Withdrawal signs and symptoms are frequently minor but can develop into a severe, even fatal, condition. Clinical manifestations of the AWS begin as soon as the alcohol consumption is interrupted or diminished after a long period of ingestion of great quantities of alcohol. The clinical manifestations include symptoms of autonomic hyperactivity, like sweating, tachycardia over 100 bpm, tremor, insomnia, nausea or vomiting, transitive visual, tactile, or hearing hallucinations, or even illusions, psychomotor agitation, anxiety and epileptic crisis. Objective Our aim is to assess the usefulness of several biochemical markers and the risk of seizures associated with alcohol withdrawal. Methods This study included 52 inpatients which were assessed with the Ciwa-Ar scale in order to determine the severity of the withdrawal.

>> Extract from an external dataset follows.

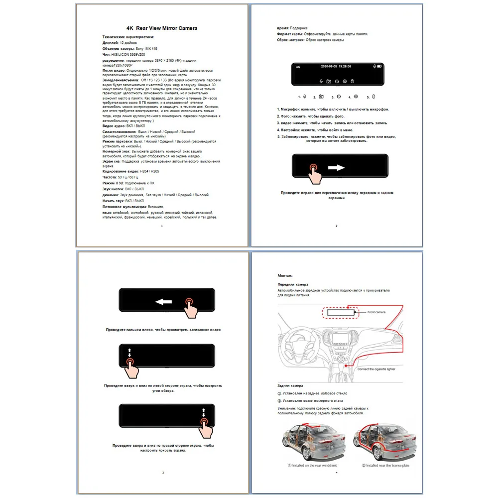 Модель: D255Дисплей: 12 дюймовКарта памяти: TF-карта класса 10 (8-64 Гб)Разрешение видео: 3840 × 2160(4K) и 1920x1080PКодирование видео: H264/ H265Объектив камеры: Sony IMX 415Замедленная съемка: Выкл./1 с/2 с/3 сПарковочный кожух: Выкл./низкий/средний/высокийЗаставка: поддержка установки времени, когда экран автоматически выключаетсяЧастота: 50 Гц/60 ГцЗвук клавиши: вкл/выклЗвук загрузки: вкл/выклЗвук динамика: бесшумный/низкий/средний/высокийG-сенсор: Выкл./низкий/средний/высокий3 варианта чувствительности объектива: 8 м пикселей, 170 градусов HD широкоугольный бесшовное видео: без прерывания видеоЦиклическое видео: Дополнительно 1/2/3/5 мин, новый файл автоматически перезаписывает старый файл при заполнении карты.Диафрагма: F2.0Звук кнопки: включение/выключениеДата/время: Поддержка2 разделенных дисплея одновременно: ПоддержкаАккумулятор: встроенный литий-полимерный аккумуляторПитание USB для автомобиля: 5 ВРабочая температура: от-20 ℃ до 70 ℃Температура хранения: от-30 ℃ до 80 ℃Тип установки: зеркальная камера заднего видаСрочный режим видео: поддержка блокировки аварийного видео.Воспроизведение видео на зеркале: переднее срочное видео, переднее обычное видео, заднее обычное видео, заднее срочное видеоВоспроизведение фотографий на зеркале: переднее фото/заднее фото. Применение: камера 4K, потоковый мультимедийный вид заднего вида, отличное ночное видение, реверсивное видео, 24-часовой парковочный монитор, датчик столкновения, двойное переднее и заднее видео, циклическая запись, регулируемый угол обзора, специальный Монтажный держатель

They were assessed too with the AUDIT scale to determine the risk and abuse of the intake of alcohol. We also obtained a blood sample to determine the levels of several biomarkers (AST, ALT, GGT, FA, HOM-OCISTEINE, and MCV). We compared the two groups (patients with seizures vs. patients without seizures). Student T and Mann Whitney's U tests, and ROC curves were applied. Results We observed a statistical difference between the groups in the levels of alkaline phosphatase. The levels were higher in patients without seizures (148.8±69.58UI) compared with the patients with seizures (113±55.1UI). No differences were observed in other groups. Conclusion The patients with higher levels of alkaline phosphatase had major risk of seizures. There were no elevations in the serum level of homocisteine in both groups.

Palabras llave : Withdrawal; biochemical marker; seizures.